Interference with REM sleep. At the time-of-day for these treatments (CT-18), REM sleep abundance had reached its normal circadian nadir; thus, acute reductions of REM sleep due to drug effects may have been limited to some extent by a floor effect. Nonetheless, we found that the neuroactive steroids did not measurably interfere with REM sleep at this time of day, whereas the highest doses of triazolam and zolpidem resulted in statistically significant reductions of REM sleep. Although these data are consistent with the action of neuroactive steroids in cats (Heuser, 1967), a more accurate assessment of the relative REM-interfering properties of these compounds in rats may be obtained by drug administration at a time-of-day when REM sleep was more abundant (e.g., CT-5).

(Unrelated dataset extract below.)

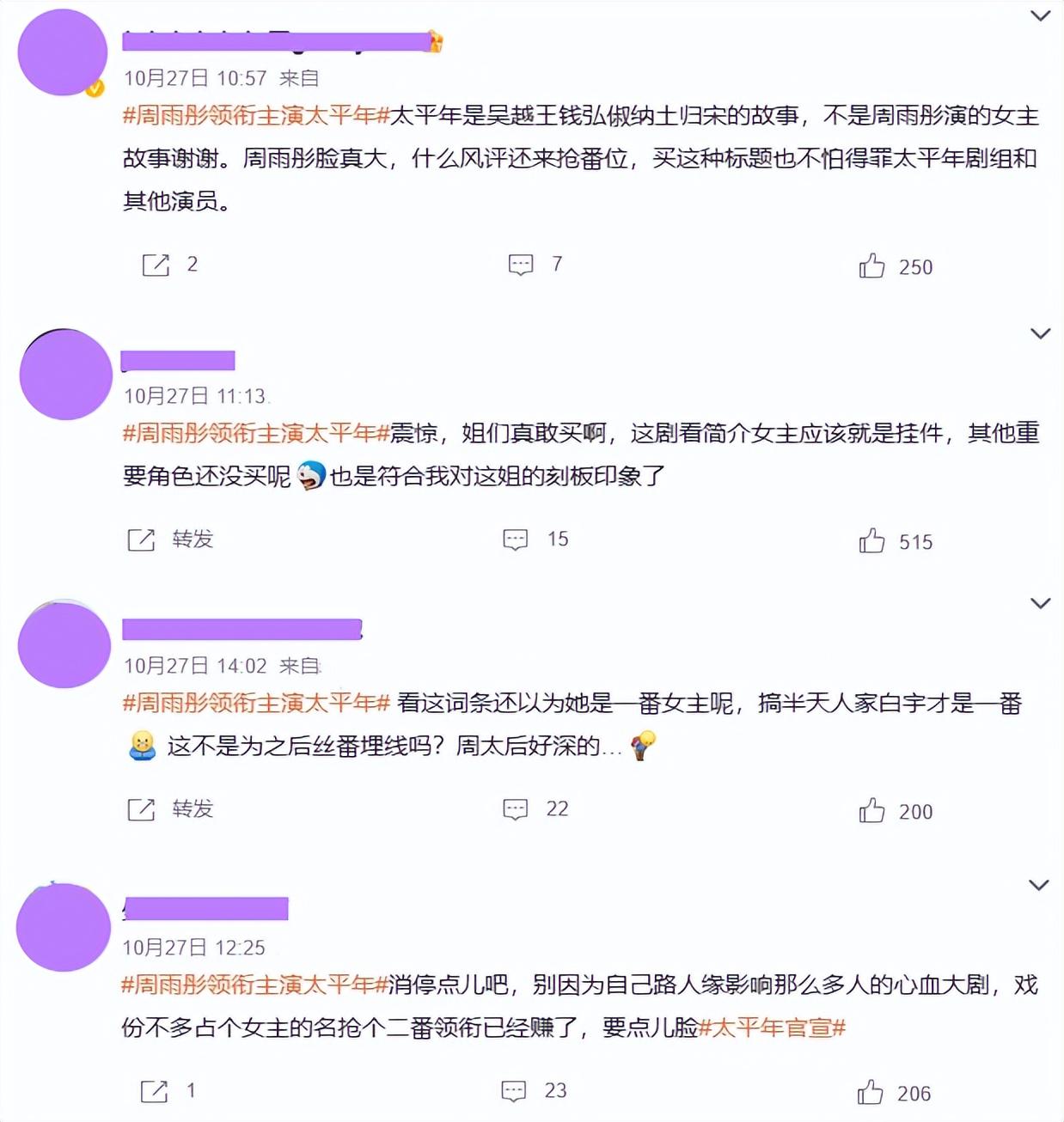 所以当我看到“周雨彤领衔主演《太平年》”这个词条时,不禁感到惊讶,没想到她的团队脸皮如此之厚,不知道的还以为她这是什么大女主剧呢。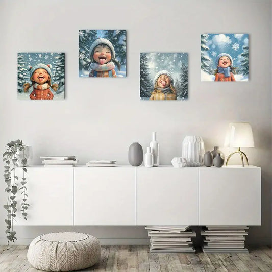 4pcs Girl Snowflake Grove Wall Art Canvas Framed

Behavioral and physiological specificity of actions. Relative to vehicle controls, figure 10 suggests that neuroactive steroids more specifically affected sleep-wakefulness than LMA. In contrast, triazolam and zolpidem disproportionately reduced locomotor activity during waking episodes in the first 3 hr posttreatment, suggesting the benzodiazepine receptor ligands may not be as specific for sleep induction as the neuroactive steroids. Benzodiazepine receptor ligands generally show "myorelaxant" effects. Within a clinical context, this effect may be related to (or the same as) motor impairment, which could constrain the usefulness of benzodiazepine receptor ligands as hypnotics in some segments of the general population. For example, nocturnal motor impairment and disorientation could contribute to falls and hip fractures in the geriatric population. The relative specificity for the neuroactive steroids in promoting NREM sleep rather than reducing LMA could, therefore, indicate that motor impairment may be significantly less of a problem for neuroactive steroids than for benzodiazepine receptor ligands. Consistent with the foregoing, decreased acquisition of a passive avoidance paradigm in mice only occurred at ataxic doses of pregnanolone and CCD-3693, although triazolam and zolpidem disrupted performance at doses significantly below ataxic doses.